Directions for this task - Please retype the listing below exactly as it stands, skipping any pictures.

Recorded data -
=== Section Start ===
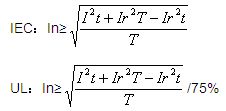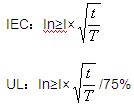 如果保險絲通以一定的電流(Ix)可以永久工作,那么此時保險絲的聚熱與散熱一定處于平衡狀態,此時保險絲的散熱功率為Ix2T。如果尖峰電流產生的能量≤Ix2T,可以認為尖峰電流產生的能量不可能使保險絲的溫升大于Ix時的溫升。對于滿足不同的安規體系,Ix的數值有所區別,IEC體系下可以認為等于In;UL體系下可以認為等于75%In。
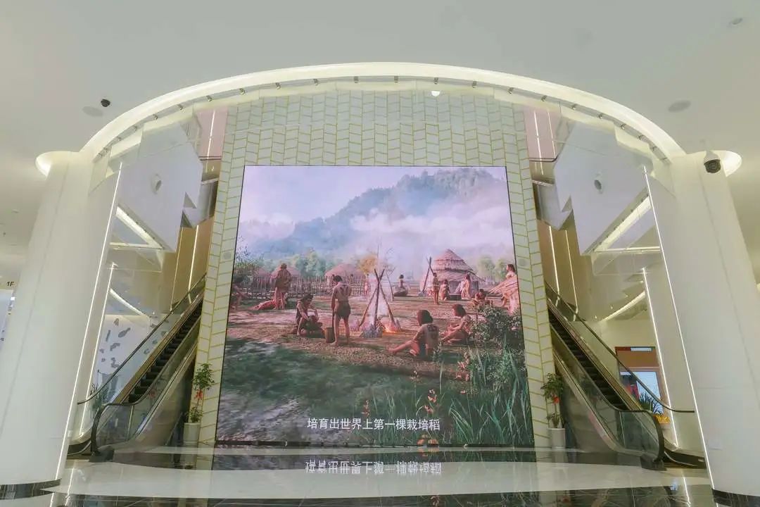 來到城市館的序廳,LED巨幕尤為引人注目,技術與文化藝術深度交融,直觀地勾勒出萬年縣作為世界稻作文化發源地、中國貢米之鄉、中國優質淡水珍珠之鄉的發展歷程。
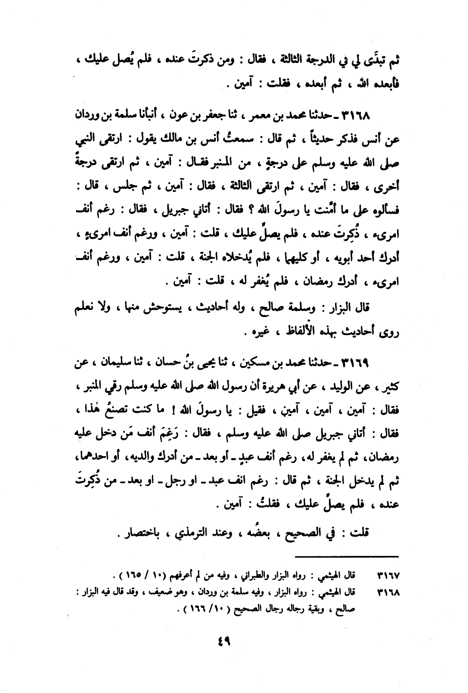 3169 - حَدَّثَنَا مُحَمَّدُ بْنُ مِسْكِينٍ، ثنا يَحْيَى بْنُ حَسَّانٍ، ثنا سُلَيْمَانُ، عَنْ كَثِيرٍ، عَنِ الْوَلِيدِ، عَنْ أَبِي هُرَيْرَةَ، أَنَّ رَسُولَ اللَّهِ صَلَّى اللَّهُ عَلَيْهِ وَسَلَّمَ رَقِيَ الْمِنْبَرَ، فَقَالَ: آمِينَ، آمِينَ، آمِينَ، فَقِيلَ: يَا رَسُولَ اللَّهِ! مَا كُنْتَ تَصْنَعُ هَذَا، فَقَالَ: أَتَانِي جِبْرِيلُ صَلَّى اللَّهُ عَلَيْهِ وَسَلَّمَ، فَقَالَ: رَغِمَ أَنْفُ مَنْ دَخَلَ عَلَيْهِ رَمَضَانُ، ثُمَّ لَمْ يُغْفَرْ لَهُ، رَغِمَ أَنْفُ عَبْدٍ، أَوْ بَعُدَ، مَنْ أَدْرَكَ وَالِدَيْهِ، أَوْ أَحَدَهُمَا، ثُمَّ لَمْ يَدْخُلِ الْجَنَّةَ، ثُمَّ قَالَ: رَغِمَ أَنْفُ عَبْدٍ، أَوْ رَجُلٍ، أَوْ بَعُدَ، مَنْ ذُكِرْتَ عِنْدَهُ، فَلَمْ يُصَلِّ عَلَيْكَ، فَقُلْتُ: آمِينَ ".
=== Section End ===
Solution to the exercise -
 如果保險絲通以一定的電流(Ix)可以永久工作,那么此時保險絲的聚熱與散熱一定處于平衡狀態,此時保險絲的散熱功率為Ix2T。如果尖峰電流產生的能量≤Ix2T,可以認為尖峰電流產生的能量不可能使保險絲的溫升大于Ix時的溫升。對于滿足不同的安規體系,Ix的數值有所區別,IEC體系下可以認為等于In;UL體系下可以認為等于75%In。
 來到城市館的序廳,LED巨幕尤為引人注目,技術與文化藝術深度交融,直觀地勾勒出萬年縣作為世界稻作文化發源地、中國貢米之鄉、中國優質淡水珍珠之鄉的發展歷程。
 3169 - حَدَّثَنَا مُحَمَّدُ بْنُ مِسْكِينٍ، ثنا يَحْيَى بْنُ حَسَّانٍ، ثنا سُلَيْمَانُ، عَنْ كَثِيرٍ، عَنِ الْوَلِيدِ، عَنْ أَبِي هُرَيْرَةَ، أَنَّ رَسُولَ اللَّهِ صَلَّى اللَّهُ عَلَيْهِ وَسَلَّمَ رَقِيَ الْمِنْبَرَ، فَقَالَ: آمِينَ، آمِينَ، آمِينَ، فَقِيلَ: يَا رَسُولَ اللَّهِ! مَا كُنْتَ تَصْنَعُ هَذَا، فَقَالَ: أَتَانِي جِبْرِيلُ صَلَّى اللَّهُ عَلَيْهِ وَسَلَّمَ، فَقَالَ: رَغِمَ أَنْفُ مَنْ دَخَلَ عَلَيْهِ رَمَضَانُ، ثُمَّ لَمْ يُغْفَرْ لَهُ، رَغِمَ أَنْفُ عَبْدٍ، أَوْ بَعُدَ، مَنْ أَدْرَكَ وَالِدَيْهِ، أَوْ أَحَدَهُمَا، ثُمَّ لَمْ يَدْخُلِ الْجَنَّةَ، ثُمَّ قَالَ: رَغِمَ أَنْفُ عَبْدٍ، أَوْ رَجُلٍ، أَوْ بَعُدَ، مَنْ ذُكِرْتَ عِنْدَهُ، فَلَمْ يُصَلِّ عَلَيْكَ، فَقُلْتُ: آمِينَ ".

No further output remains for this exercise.